Desde el primer momento me cautivó. De sopetón leí la columna recomendada por mi profesora y varias más de él. Me impactó el lenguaje, la denuncia, cómo abordaba las fuentes y el tono crítico y desafiante que Daniel le impartía a sus columnas. Las clases se transformaron en temas de discusión y con el paso de los semestres sus columnas se convirtieron para mí en un tema de estudio, tanto así que para ese momento, muchos compañeros de la carrera sabían la admiración que le tenía –y le tengo- a Coronell.
En sexto semestre, en una clase que dictaba el periodista Juan Pablo Barrientos, el invitado de la semana vía Skype fue Daniel Coronell. Fue tanta la emoción que sentí, que muchos de mis compañeros, a modo de charla de pregrado, estaban expectantes por mí y mis preguntas apenas él apareciera en pantalla.
Fue así que me puse una meta: quiero que Daniel Coronell conozca mi trabajo. Y así fue. Una vez en mi práctica profesional en Noticias RCN hace 4 años, me enteré que él iba a estar en Bogotá en un foro al interior de la Universidad Externado. Me inventé de todo en el noticiero para ir, cubrir el evento y conocerlo.
Cuando me vio, yo me presenté por mi nombre y me dijo estas palabras que no olvido: “Sebastián, un gusto conocerte. Admiro mucho tu trabajo, y me abrazó”.
Daniel nunca me ha defraudado. Ha sido un referente para mí en esta profesión tan dura, de tantos intereses de por medio y con tanto lavaperro de periodistas que hay en Colombia. Hizo crecer a SEMANA cuando desde la Casa de Nariño en la era Uribe amedrentaban a la prensa (a veces poniendo en riesgo a su propia familia) y estuvo asilado por amenazas que venían claramente de seguidores de Álvaro Uribe por destaparle los peores escándalos de corrupción de su gobierno (y de otros).
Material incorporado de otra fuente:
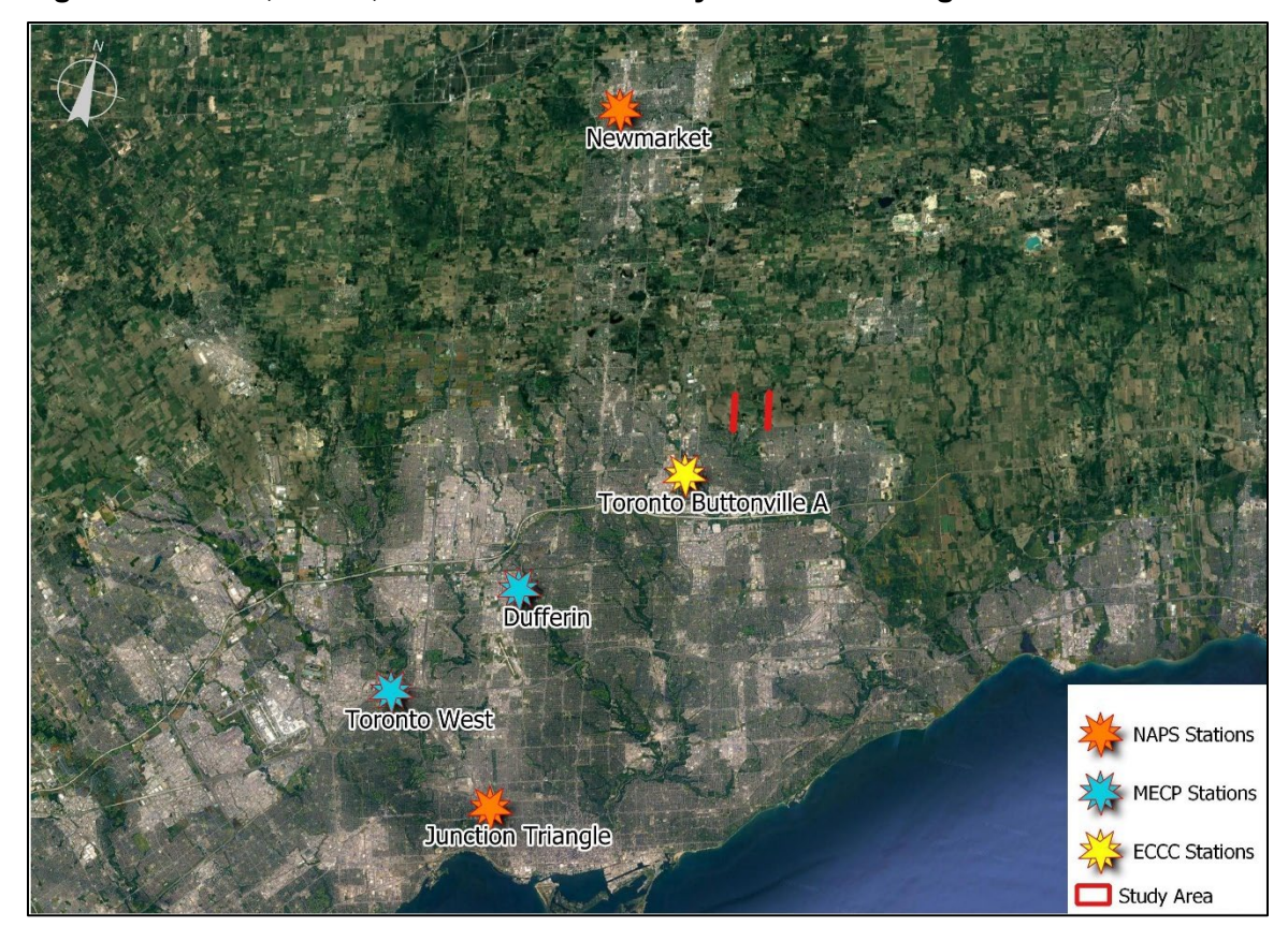
Figure 4: MECP, NAPS, and ECCC Air Quality and Meteorological Stations

A SEMANA la catapultó cuando también otros periodistas como Ricardo Calderón y María Jimena Duzán hacían su parte, hasta que cometió el error de cuestionar a las directivas de la Revista en su pasada columna por engavetar –aparentemente- una investigación que llevaba a nuevos falsos positivos (golpe para el gobierno Duque).
Lo despidieron justo cuando la revista el domingo pasado, clamaba por la libertad de expresión. ¿Será que Felipe López lo hubiera echado antes de que los Gilinski compraran la mitad de su revista? Mientras The New York Times defendió a muerte a su periodista por el artículo de la discordia, SEMANA terminó sacando a su columnista más leído, que para ajustar es el más leído del país. ¿Qué hay detrás?
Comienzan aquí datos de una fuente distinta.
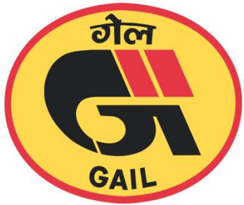
GAIL (INDIA) LTD

El precedente que deja la cancelación de la columna de Daniel Coronell para un medio como SEMANA es imperdonable y queda herida de muerte su independencia, credibilidad y seriedad, pues por años se han mostrado como el adalid de la ética periodística. Es muy incoherente pensar que un periodista no puede discrepar de decisiones editoriales del medio para el que trabaja por miedo a que lo echen, cuando –paradójicamente- les están pidiendo que cuestione todo.
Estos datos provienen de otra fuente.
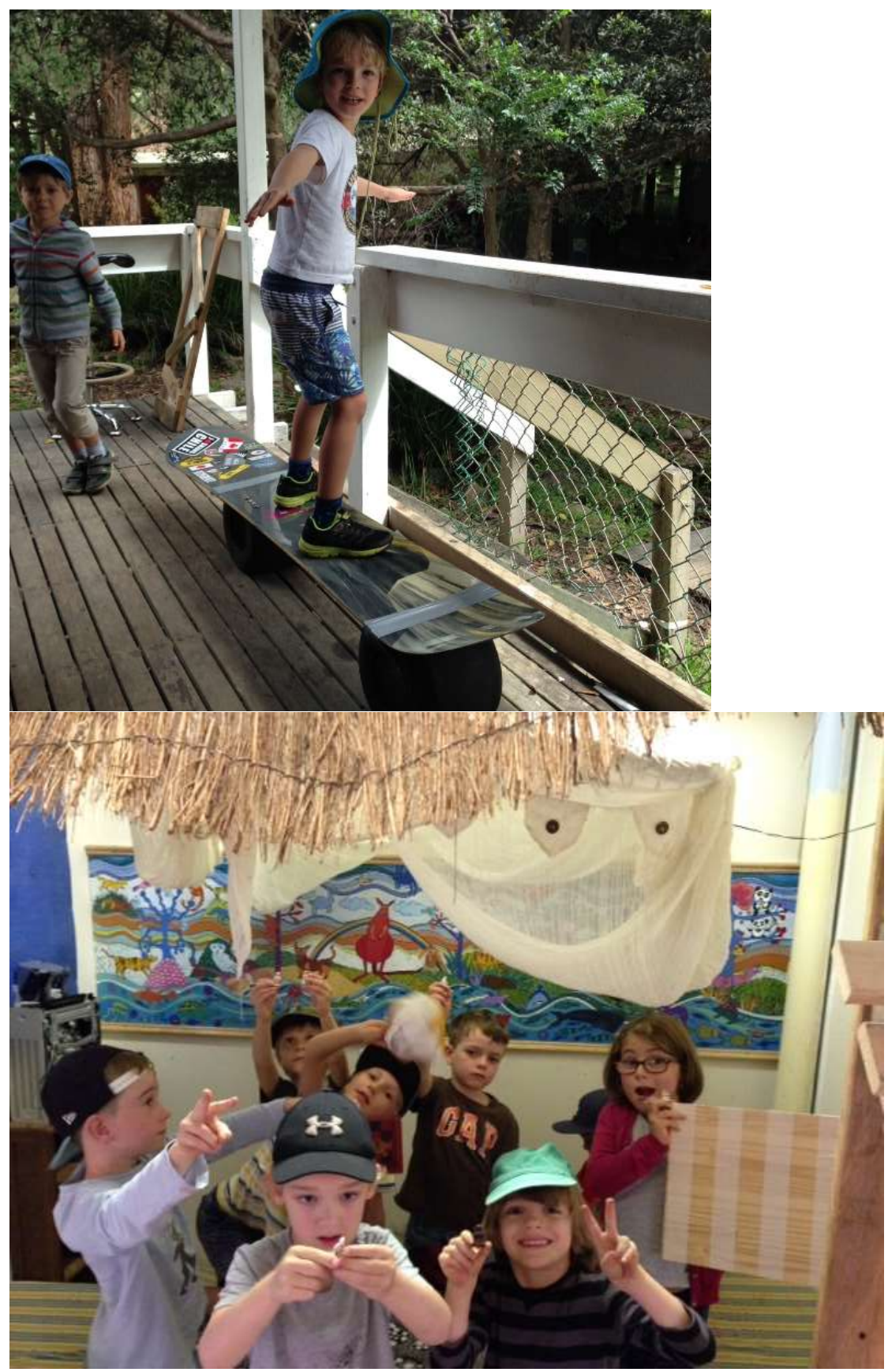
Looking forward to seeing you at the yurt farm !!

Trabajé en SEMANA, es un medio que me aportó bastante en mi formación profesional, le tengo un cariño especial y conozco el valioso trabajo que hacen muchos periodistas allí, que se meten hasta el fango para tratar de sacar una historia de calidad, pero la decisión contra Coronell es una burla a la libertad de prensa, de crítica y a sus lectores, cuando hace apenas unos días hondeaban las banderas de la libertad de expresión.
Por eso, así como pagando mi suscripción de Revista SEMANA aporté mi granito al querer valorar el trabajo periodístico que algunos hacen ese medio, hoy -cancelando esa suscripción- prefiero darle importancia a la ética de esta profesión tan degradada hoy por varios de los que alguna vez admiramos.
Queda claro que SEMANA prefirió el modelo de negocio que la libertad de expresión.
A Daniel Coronell un abrazo, mi admiración de siempre y el mejor de los éxitos.